I work pt and ex-p/nrp is on benefits. We have court order due to historical DA and mediation is a non-starter due to this and ex's total refusal.

Among very many other issues ex-P is now telling me of "commitments" that mean he can't do certain days - specifically one day on which I work. This only affects holidays when extra holiday contact forms part of the court order and also time made up if EOW is disrupted by holidays - allowed for in the order. DCs are school-age.
Lots of small things going against the agreements made and a couple of things that in the order that in practice are slightly woolly and thus give rise to disagreement means we are likely to go back to court. The stress is really getting to me.
My question is: If we do go back to court, what weight is the court going to give to my work commitments and request that while ex-P isn't working contact needs to factor in the work schedule.
Also as no final agreement made do I as the respondent have to pay additional fee if I take matters to court? We are now both self-repping.

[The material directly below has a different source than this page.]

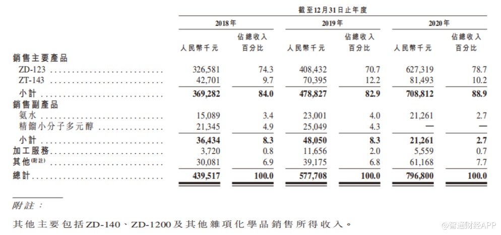 招股书显示,正大新材料中国最大的聚醚胺产品制造商,主要以“正大新材”品牌从事聚醚胺产品的研发、生产及销售。公司的产品组合,分为三大类,即单胺、二胺及三胺(其差别乃由产品的核心聚醚主链结构确定),三者均可根据化学结构基于环氧丙烷(PO)、环氧乙烷(EO)或两者的混合比例进一步分类。公司的主要产品为ZD-123及ZT-143,两种产品于2020年实现营收7.09亿元(人民币)占营收比重达到88.9%。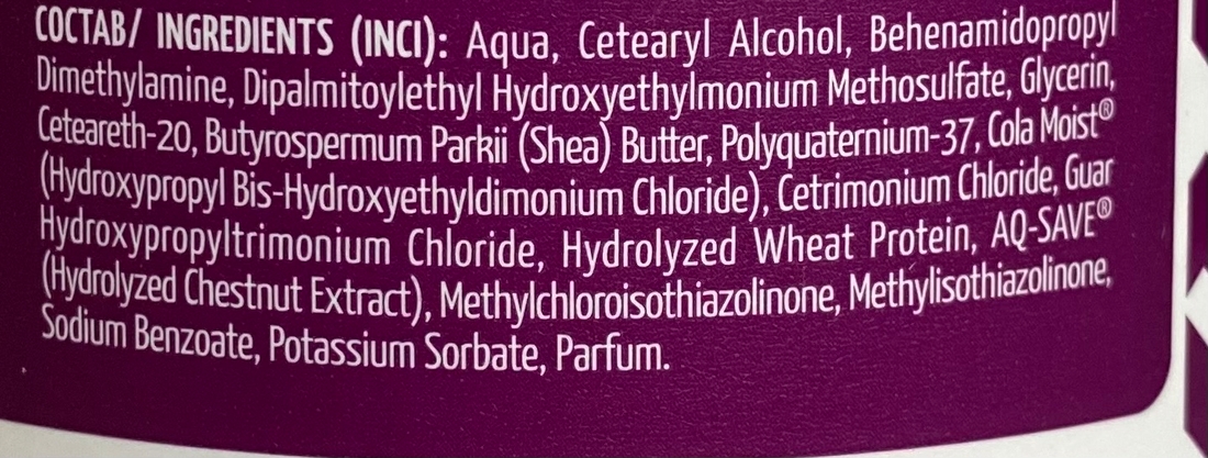 Маска полностью совместима с КГМ, в составе нет силиконов. В формуле гидролизованный протеин пшеницы, который укрепляет и восстанавливает волосы, IQ-Save их каштана, который удерживает влагу, уменьшая ломкость, и много смягчающих и увлажняющих ингредиентов.

FrogbyAnotherName Fri 21-Mar-14 15:37:22

In my experience, courts don't care about 'childcare' requirements at all and expect the RP to make their own arrangements - presumably, you can pay for a holiday club or childminder to cover the days you work?

dunfightin Fri 21-Mar-14 15:41:24

That's not the problem. I don't ask ex to do childminding because he wouldn't or would take delight in letting me down and causing problems at work. It's about his other "commitments" and making the arrangement work.

dunfightin Fri 21-Mar-14 15:43:05

Babybarrister or STDW are you around?

FrogbyAnotherName Fri 21-Mar-14 16:02:26

There was a thread somewhere about this recently - although courts have the power to penalise NRP who refuse contact in line with the order, it's unlikely to happen as it would effectively place a child in the care of an unwilling parent.
I don't think your work schedule is relevant though, particularly if you're not relying on contact to happen in order to work - unless I've missed the point ?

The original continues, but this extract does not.